Kula shrugged fatalistically. "Then our dead flesh will feed the wolves of the steppes."

Remo looked to Fang Yu. The Chinese woman looked stolidly ahead, controlling her fear. Remo felt no fear. Instead, he felt apart and alone in the great endless steppe.

They had cleared the outer perimeter of yurts when suddenly Remo felt his horse sink under him. His feet touched the ground on either side of the saddle. Hastily he stepped free, one foot tangled in an iron stirrup.

"What the hell is going on?" Remo yelled as he jerked his foot free of the remaining stirrup. Just in time, because with a whinnying and a kicking of his legs, the horse rolled onto his back and started to squirm in the dirt like a dog scratching his back.

Which, as Remo found his feet, was exactly what the horse was doing. It rolled and fling its mighty legs at the falling snow, struggling with its ungainly weight.

Kula and Fang Yu brought their mounts around and watched. Fang Yu covered her mouth with one mittened hand. Her eyes squeezed tight with repressed humor. Kula, less conscientious, roared deep throaty laughter.

Feeling foolish, Remo growled, "How do you get a horse to stop doing that?"

"You do not," Kula rambled. "A Mongol would not let a horse do this in the first place."

"I'm no Mongol."

"That is evident," Kula said with dry impassivity. But there was humor in his twinkling eyes.

Remo turned to Fang Yu. "How about you? Any helpful hints?"

Fang Yu tittered into her hand and looked away.

Finally the horse clambered up to its feet. It waited patiently, flicking snow off its tail.

Remo approached carefully, touching the saddle. It was still cinched tight, so he remounted.

They got under way again.

Several hundred yards further along, the familiar sinking sensation returned.

This time Remo threw himself clear. He hit the steppe and jumped back angrily.

"What is your problem?" he yelled at the squirming horse.

The laughter of the others burned his ears. Remo reached out and grabbed the bit.

"This is getting old fast!" Remo said tightly. And with a quick heave, he pulled the horse to his feet.

To his surprise, the pony responded. Remo mounted again. He nudged the horse's flanks with his heels. It stepped smartly.

"You are learning," Kula said soberly.

"I'm a quick study," Remo said smugly.

"But so is the pony," Kula added.

A little further along, they came to a tussock of yellow grass. Remo's horse paused and, lowering its head, sank its teeth into a tuft.

Angrily Remo pulled up on the reins. The horse snorted, but straightened its muscular neck. He tried again. Remo pulled him back. After several minutes of pulling and nudging its flanks, the horse gave up on the tempting grass.

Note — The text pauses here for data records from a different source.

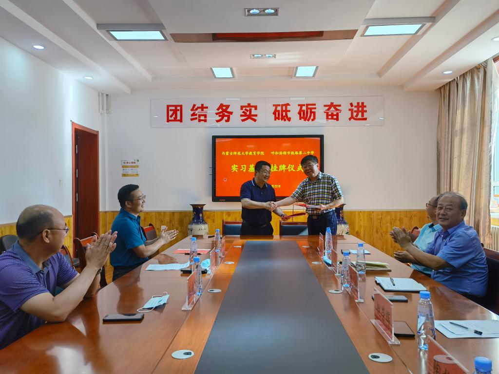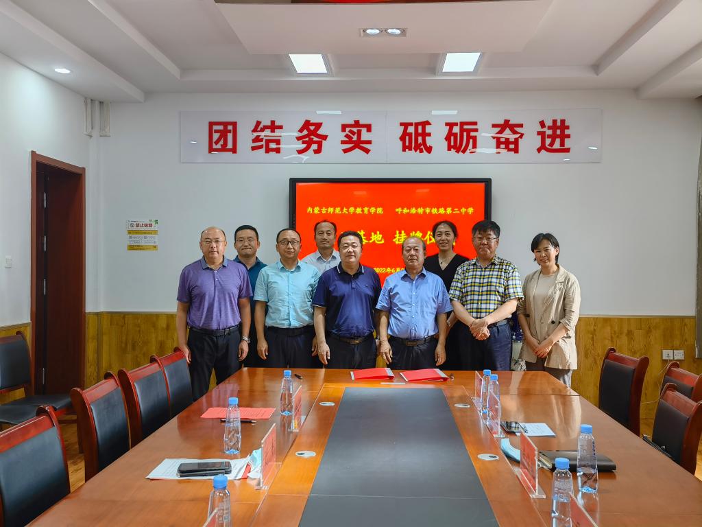 2022年6月22日下午,呼和浩特铁路第二中学与2026世界杯官网共建教育实践基地协议签约仪式在呼和浩特铁路第二中学举行,2026世界杯官网党委副书记、院长米俊魁,2026世界杯官网党委书记周越,2026世界杯官网副院长边琦、赵荣辉,教育学系主任陶格斯,2026世界杯官网副教授郑珠,2026世界杯官网综合办公室依波勒,呼和浩特铁路第二中学校长刘丰,副校长陈晓峰、韩利峰参加了此次活动。签约仪式由呼铁二中副校长韩利峰主持。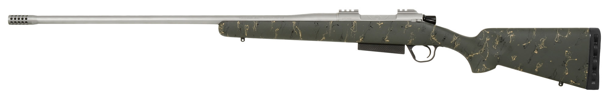 This Christensen Arms Classic XL Mag .338 Lapya rifle features a 26" long range barrel, 20 MOA Split Rail, Aerospace DNA, titanium muzzle brake, spiral fluted nitride coated bolt, recoil pad, Timney trigger, drop-box magazine, tier 2 green stock with tan webbing, and a guaranteed 1 MOA accuracy.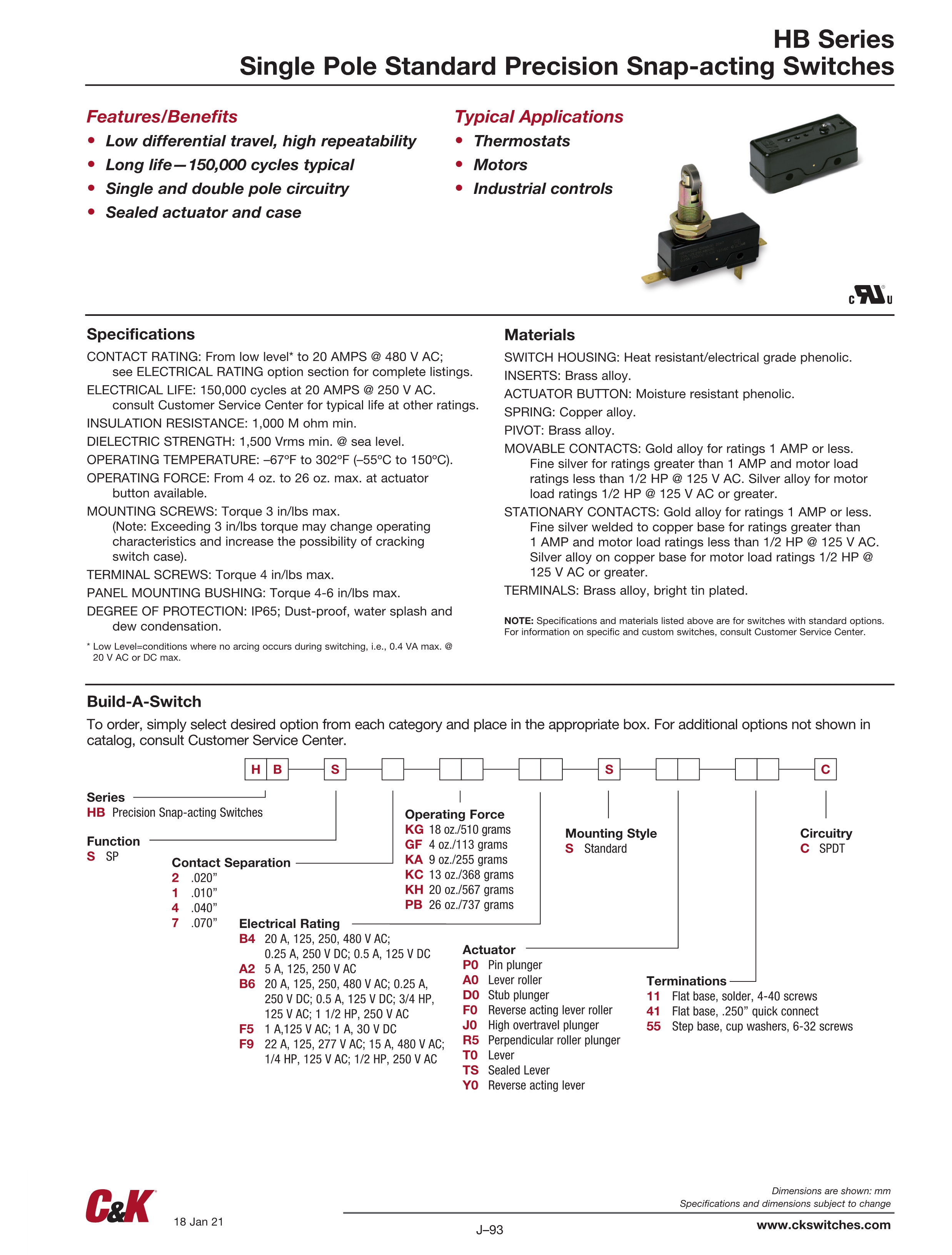 C&K微动开关hb系列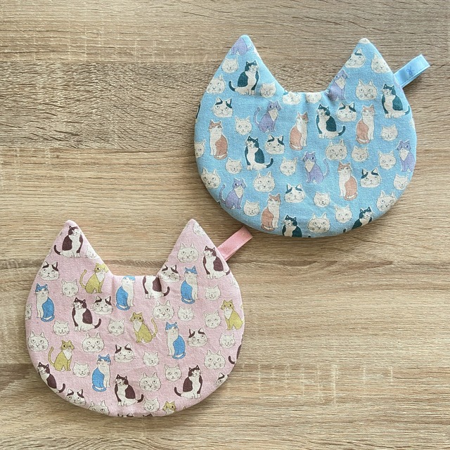猫型の鍋敷き兼鍋つかみです。 裏側は両サイドがポケットになっているので、手を差し込んで鍋つかみとしてお使いいただけます。 手のひら側は猫柄布、キルト芯2枚、キルティング生地の4枚重ねです。 4,5枚目の写真は同じサイズの作品を使った参考写真です。 4枚目の写真は5号の土鍋(一人用)と並べてみました。 ご参考になさってください。 サイズ:縦最長16.5cm 横最長18cm
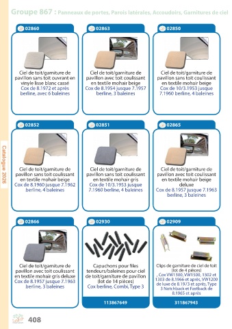 Groupe 867 : Panneaux de portes, Parois latérales, Accoudoirs, Garnitures de ciel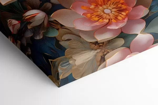 Wandbilder Rosa-orangefarbene Lotosblumen im 3D-Zeichenstil Art. s44934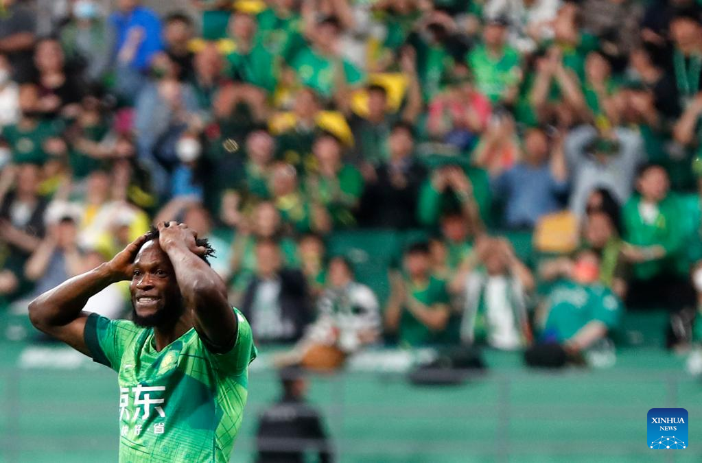 Samuel Adegbenro of Beijing Guoan reacts during a 2023 season Chinese Football Association Super League (CSL) 6th round match between Beijing Guoan and Tianjin Jinmen Tigers at the Worker's Stadium in Beijing, capital of China, May 10, 2023. (Xinhua/Jia Haocheng)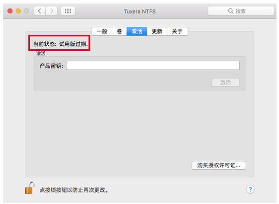 1、在Mac系统中安装Tuxera NTFS for Mac正式版,启动软件,点击到【激活】界面,软件当前状态为“试用版过期”,

Remo urged him along, and soon caught up with the others, who had not waited this time.

As he drew alongside the other horses, Kula nodded in silent approval.

"Mongol horse or not," Remo said, "I'm calling him Smitty."

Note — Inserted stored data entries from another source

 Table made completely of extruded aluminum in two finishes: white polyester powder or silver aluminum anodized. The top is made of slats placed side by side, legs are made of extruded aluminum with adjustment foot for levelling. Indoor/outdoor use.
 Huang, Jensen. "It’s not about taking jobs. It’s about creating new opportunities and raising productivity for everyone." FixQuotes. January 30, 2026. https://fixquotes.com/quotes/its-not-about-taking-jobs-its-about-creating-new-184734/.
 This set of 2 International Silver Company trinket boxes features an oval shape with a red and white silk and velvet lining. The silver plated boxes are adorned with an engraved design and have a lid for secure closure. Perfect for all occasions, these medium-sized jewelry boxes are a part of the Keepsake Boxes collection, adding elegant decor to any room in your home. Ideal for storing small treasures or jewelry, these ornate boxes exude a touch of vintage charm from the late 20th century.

They rode on for hours. The darkness was relieved only by the moon. Clouds obscured it. And still they rode. Remo had gotten tired of his earflaps slapping his neck with each bouncing step of his horse and discovered they could be snapped at the top. This left his ears exposed to the cold dry air, but it also enabled him to hear sounds the others could not.

Distantly a wolf bayed. The wind made constant background sound. With nothing to inhibit its sweep down from the cold north, it blew cold and constant, like a wall pushing a million slim glittering blades before it.

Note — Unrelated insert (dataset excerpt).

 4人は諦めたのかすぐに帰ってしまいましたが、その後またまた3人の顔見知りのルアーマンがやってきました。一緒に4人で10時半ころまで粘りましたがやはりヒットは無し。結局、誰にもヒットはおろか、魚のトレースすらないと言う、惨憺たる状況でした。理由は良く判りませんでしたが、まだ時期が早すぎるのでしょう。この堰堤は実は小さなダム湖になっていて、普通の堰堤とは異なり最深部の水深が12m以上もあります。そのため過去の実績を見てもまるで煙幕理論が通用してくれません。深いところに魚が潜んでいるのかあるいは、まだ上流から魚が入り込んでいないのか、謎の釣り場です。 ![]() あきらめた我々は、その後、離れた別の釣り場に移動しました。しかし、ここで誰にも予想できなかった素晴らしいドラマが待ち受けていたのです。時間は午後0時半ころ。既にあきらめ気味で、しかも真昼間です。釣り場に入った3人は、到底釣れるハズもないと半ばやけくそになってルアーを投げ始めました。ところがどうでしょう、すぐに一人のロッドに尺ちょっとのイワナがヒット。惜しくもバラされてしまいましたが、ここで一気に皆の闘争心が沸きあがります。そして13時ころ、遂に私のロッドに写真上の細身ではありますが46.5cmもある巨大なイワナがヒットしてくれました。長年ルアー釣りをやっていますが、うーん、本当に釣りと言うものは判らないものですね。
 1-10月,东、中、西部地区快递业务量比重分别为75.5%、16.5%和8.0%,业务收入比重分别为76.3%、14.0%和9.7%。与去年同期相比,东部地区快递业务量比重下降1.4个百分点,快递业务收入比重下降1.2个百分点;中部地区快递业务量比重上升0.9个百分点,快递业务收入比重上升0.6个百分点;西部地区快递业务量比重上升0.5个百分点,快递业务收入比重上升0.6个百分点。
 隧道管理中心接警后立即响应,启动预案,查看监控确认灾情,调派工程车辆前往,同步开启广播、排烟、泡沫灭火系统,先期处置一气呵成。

The world was a barren desolation in every direction.

It seemed to Remo that if the Master of Sinanju was anywhere on the steppe, finding him would be more luck that anything else.

He felt very sad, and lonely. Lonelier than he'd felt in a long time. He angled his steed closer to Fang Yu, but other than a sidelong glance cast in his direction, he got nothing from her, not warmth, not comfort, and barely recognition.

"I smell blood," Remo said after a long silence broken only by their mounts' restless snorting.